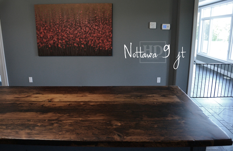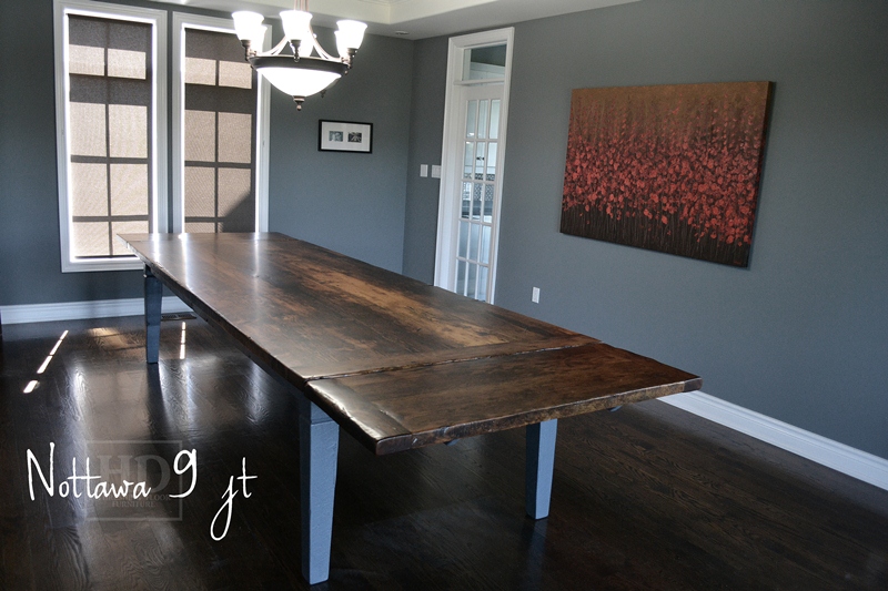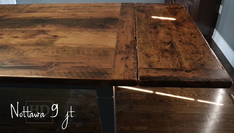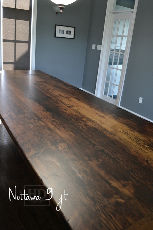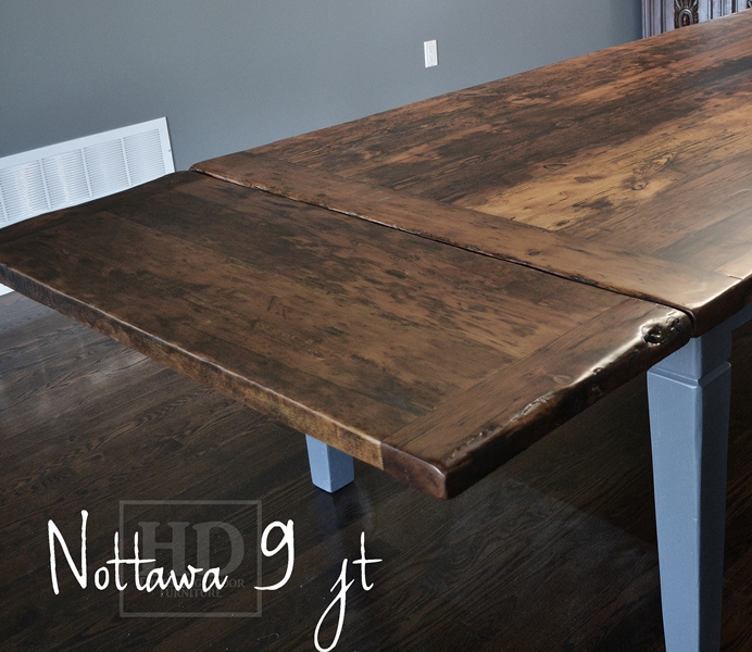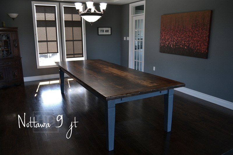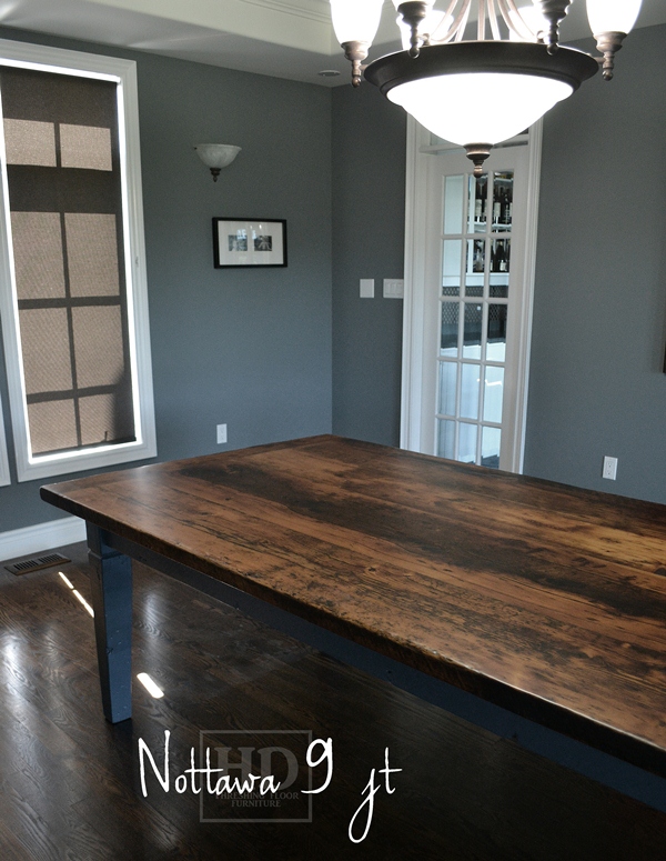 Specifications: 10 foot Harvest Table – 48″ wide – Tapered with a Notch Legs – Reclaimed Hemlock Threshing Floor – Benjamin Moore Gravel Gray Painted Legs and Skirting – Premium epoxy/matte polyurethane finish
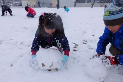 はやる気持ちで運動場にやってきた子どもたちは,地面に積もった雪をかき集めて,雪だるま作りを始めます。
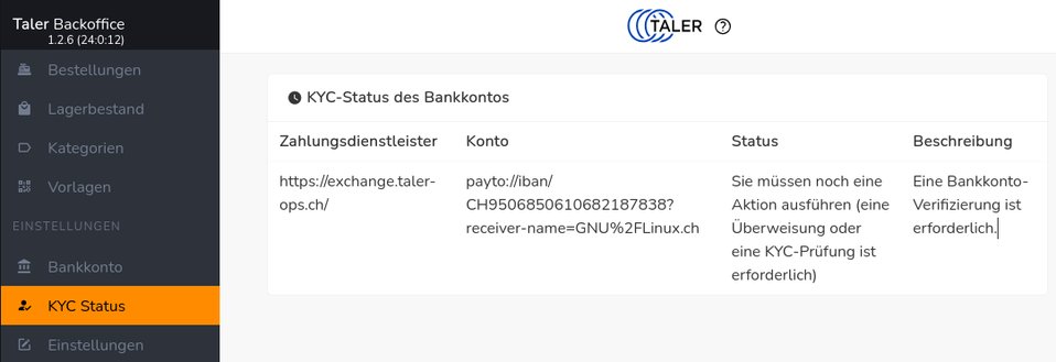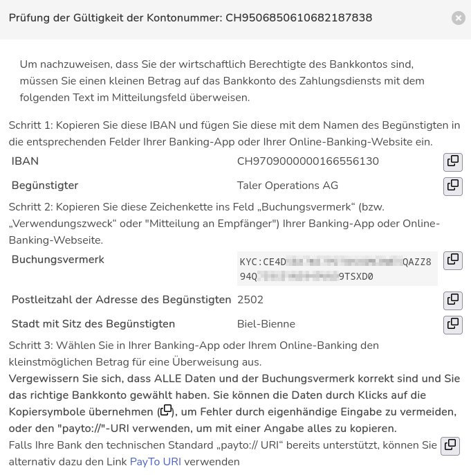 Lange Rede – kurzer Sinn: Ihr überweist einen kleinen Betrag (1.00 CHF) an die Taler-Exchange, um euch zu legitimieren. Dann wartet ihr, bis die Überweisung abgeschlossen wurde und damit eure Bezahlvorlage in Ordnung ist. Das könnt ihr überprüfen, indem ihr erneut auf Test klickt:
* * *
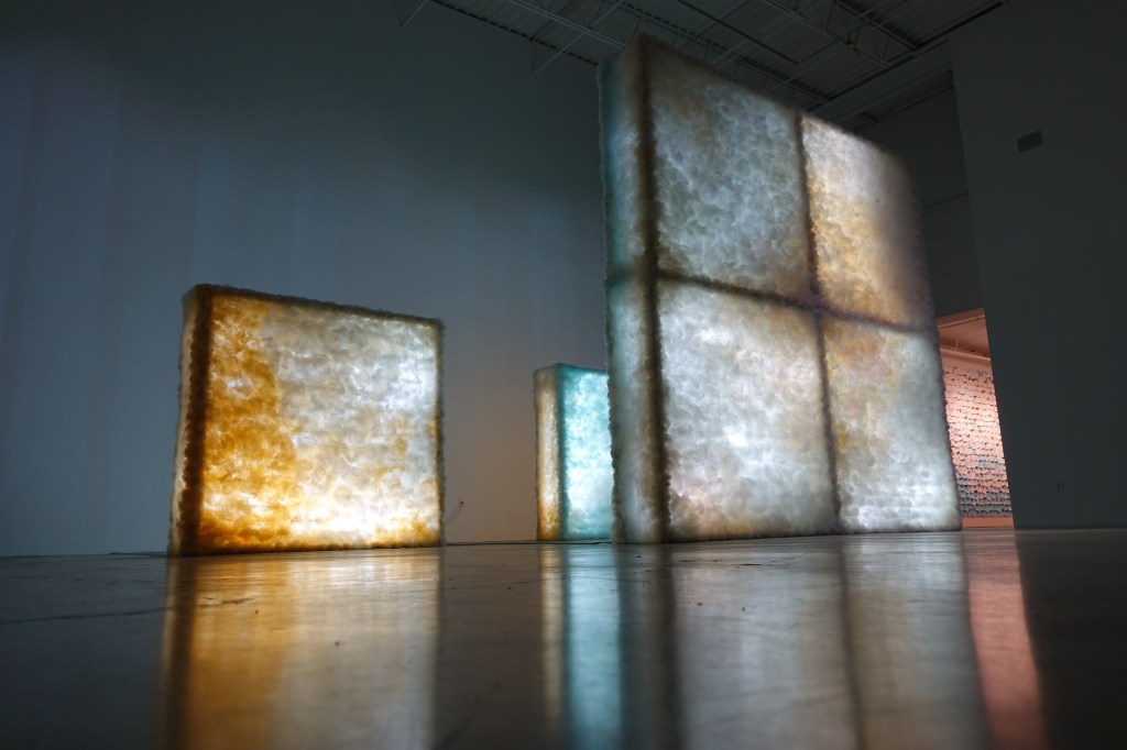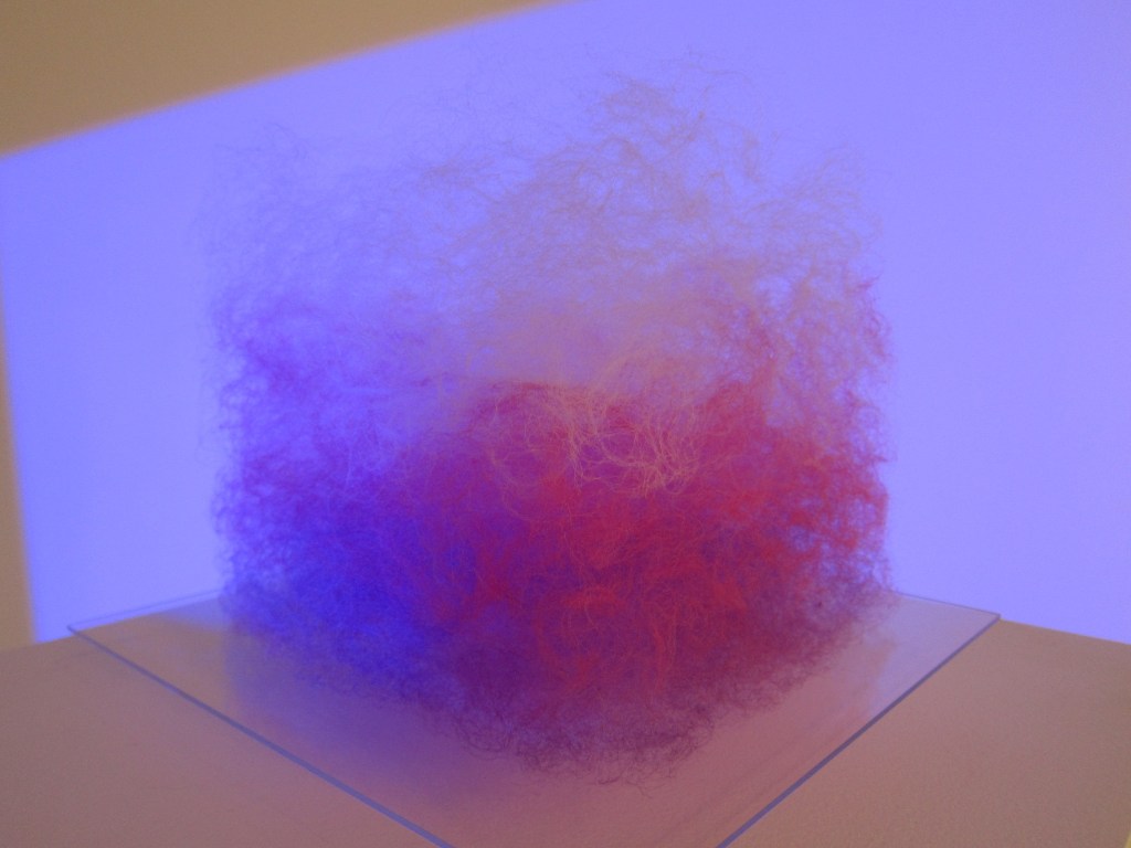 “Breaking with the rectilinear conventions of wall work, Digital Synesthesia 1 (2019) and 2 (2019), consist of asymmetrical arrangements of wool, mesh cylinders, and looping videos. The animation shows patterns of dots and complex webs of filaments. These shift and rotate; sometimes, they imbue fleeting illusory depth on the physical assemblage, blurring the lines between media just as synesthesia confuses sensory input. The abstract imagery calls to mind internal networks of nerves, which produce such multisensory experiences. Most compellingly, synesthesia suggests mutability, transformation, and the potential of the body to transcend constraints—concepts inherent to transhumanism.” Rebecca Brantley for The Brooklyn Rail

### Work to be completed
I would like the exact lines from the data above, starting with the one that holds "Specifications: 10 foot" and going on through the one that holds "Lange Rede –", without the pictures.

### Answer box
 Specifications: 10 foot Harvest Table – 48″ wide – Tapered with a Notch Legs – Reclaimed Hemlock Threshing Floor – Benjamin Moore Gravel Gray Painted Legs and Skirting – Premium epoxy/matte polyurethane finish
 はやる気持ちで運動場にやってきた子どもたちは,地面に積もった雪をかき集めて,雪だるま作りを始めます。
 Lange Rede – kurzer Sinn: Ihr überweist einen kleinen Betrag (1.00 CHF) an die Taler-Exchange, um euch zu legitimieren. Dann wartet ihr, bis die Überweisung abgeschlossen wurde und damit eure Bezahlvorlage in Ordnung ist. Das könnt ihr überprüfen, indem ihr erneut auf Test klickt:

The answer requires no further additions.